*Records provided:*
:::

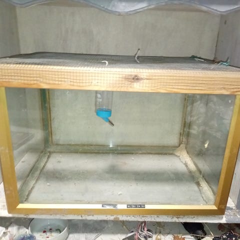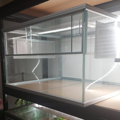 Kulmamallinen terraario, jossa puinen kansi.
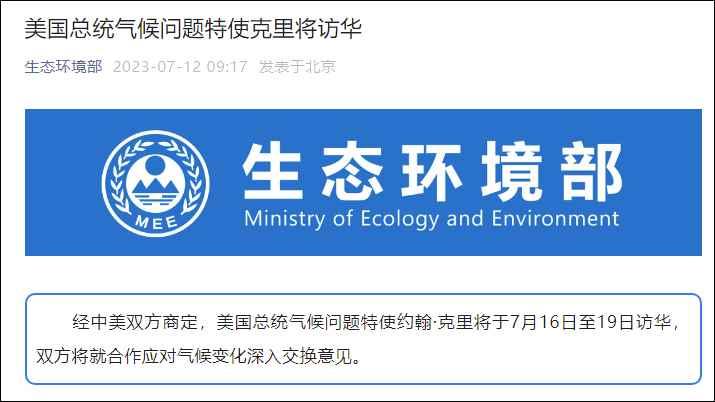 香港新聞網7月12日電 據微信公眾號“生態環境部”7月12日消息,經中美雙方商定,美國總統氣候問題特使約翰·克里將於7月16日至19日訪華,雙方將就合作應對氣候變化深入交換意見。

:::

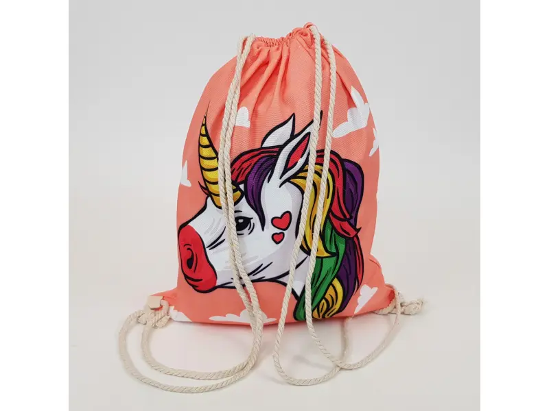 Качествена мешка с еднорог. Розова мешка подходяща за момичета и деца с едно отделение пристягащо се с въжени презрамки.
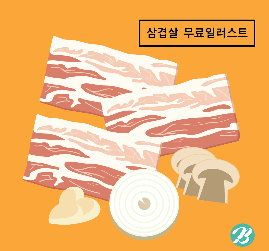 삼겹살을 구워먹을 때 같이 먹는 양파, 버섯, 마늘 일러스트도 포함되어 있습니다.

:::

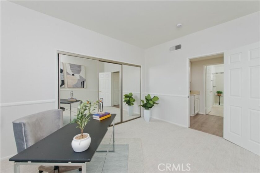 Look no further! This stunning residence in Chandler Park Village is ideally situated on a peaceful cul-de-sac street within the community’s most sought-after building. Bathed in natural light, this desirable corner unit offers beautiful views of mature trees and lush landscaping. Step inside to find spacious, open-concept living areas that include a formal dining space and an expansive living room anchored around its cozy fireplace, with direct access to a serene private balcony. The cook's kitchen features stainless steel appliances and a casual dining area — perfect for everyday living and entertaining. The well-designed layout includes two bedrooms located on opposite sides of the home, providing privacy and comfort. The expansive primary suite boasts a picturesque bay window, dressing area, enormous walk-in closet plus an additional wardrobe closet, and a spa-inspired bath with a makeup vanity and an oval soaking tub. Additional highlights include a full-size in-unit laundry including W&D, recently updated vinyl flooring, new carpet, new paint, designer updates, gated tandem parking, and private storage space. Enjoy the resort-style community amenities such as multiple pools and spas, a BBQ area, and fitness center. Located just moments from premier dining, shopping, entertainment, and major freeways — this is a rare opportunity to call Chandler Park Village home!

:::

*What is needed:*
Only the lines above from the one with "Kulmamallinen terraario, jossa puinen kansi." to the one with "香港新聞網7月12日電 據微" should be printed, both included and exactly as written; no picture belongs in the copy.

*Task output:*
 Kulmamallinen terraario, jossa puinen kansi.
 香港新聞網7月12日電 據微信公眾號“生態環境部”7月12日消息,經中美雙方商定,美國總統氣候問題特使約翰·克里將於7月16日至19日訪華,雙方將就合作應對氣候變化深入交換意見。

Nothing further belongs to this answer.